#### Dataset excerpt

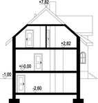 Wys. ścianki kolankowej 1.3 m Ilość drewna na więźbę 7 m³. Strop: płyta żelbetowa. Pokrycie dachu: dachówka ceramiczna. Ściany wewnętrzne: pustaki ceramiczne. Ściany zewnętrzne: pustaki ceramiczne + styropian. Typ ogrzewania: kocioł gazowy.
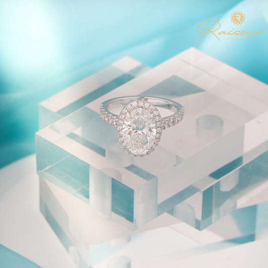 Halo Oval Shape 2 Carat Solitaire Lab Diamond Wedding Ring
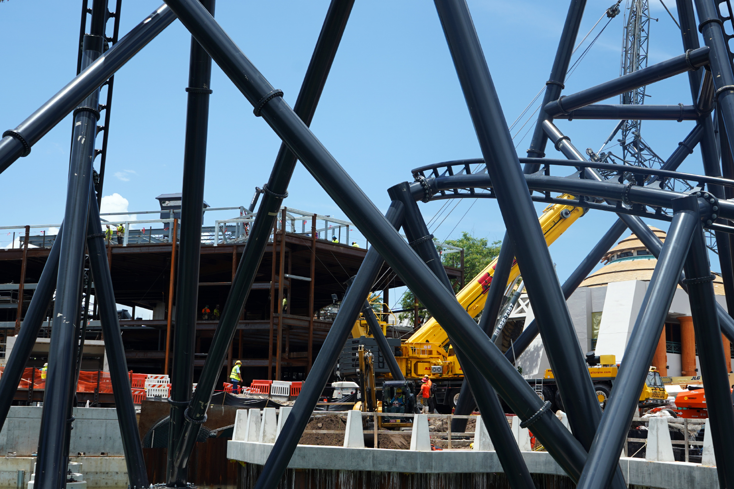 Construction continues on the Jurassic Park coaster, as track was installed at the highest point, “topping off” the top hat element of the coaster. A Jurassic Park/World flag was hung up on the track to celebrate the moment, as is the tradition in coaster construction. The height of the top hat element is rumored to be around 160-170ft tall.
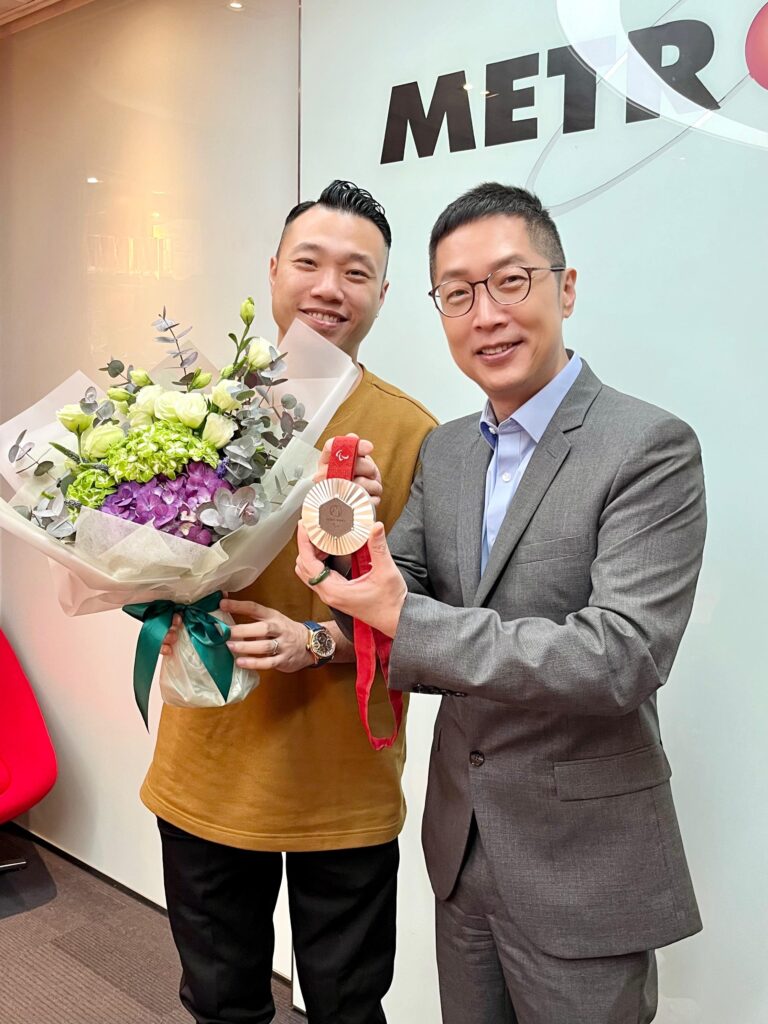 39歲「輪椅羽毛球一哥」陳浩源巴黎殘奧完成其球員生涯最後一場比賽,負傷勇奪銀牌,比賽後「掛拍」。 陳浩源今天(25日)到新城廣播接受訪問,首席營運總監馬浚偉親自獻花及蛋糕,與一眾新城DJ恭賀陳浩源取得佳績。

########

All of the material above is to be copied exactly, with no pictures.

 Wys. ścianki kolankowej 1.3 m Ilość drewna na więźbę 7 m³. Strop: płyta żelbetowa. Pokrycie dachu: dachówka ceramiczna. Ściany wewnętrzne: pustaki ceramiczne. Ściany zewnętrzne: pustaki ceramiczne + styropian. Typ ogrzewania: kocioł gazowy.
 Halo Oval Shape 2 Carat Solitaire Lab Diamond Wedding Ring
 Construction continues on the Jurassic Park coaster, as track was installed at the highest point, “topping off” the top hat element of the coaster. A Jurassic Park/World flag was hung up on the track to celebrate the moment, as is the tradition in coaster construction. The height of the top hat element is rumored to be around 160-170ft tall.
 39歲「輪椅羽毛球一哥」陳浩源巴黎殘奧完成其球員生涯最後一場比賽,負傷勇奪銀牌,比賽後「掛拍」。 陳浩源今天(25日)到新城廣播接受訪問,首席營運總監馬浚偉親自獻花及蛋糕,與一眾新城DJ恭賀陳浩源取得佳績。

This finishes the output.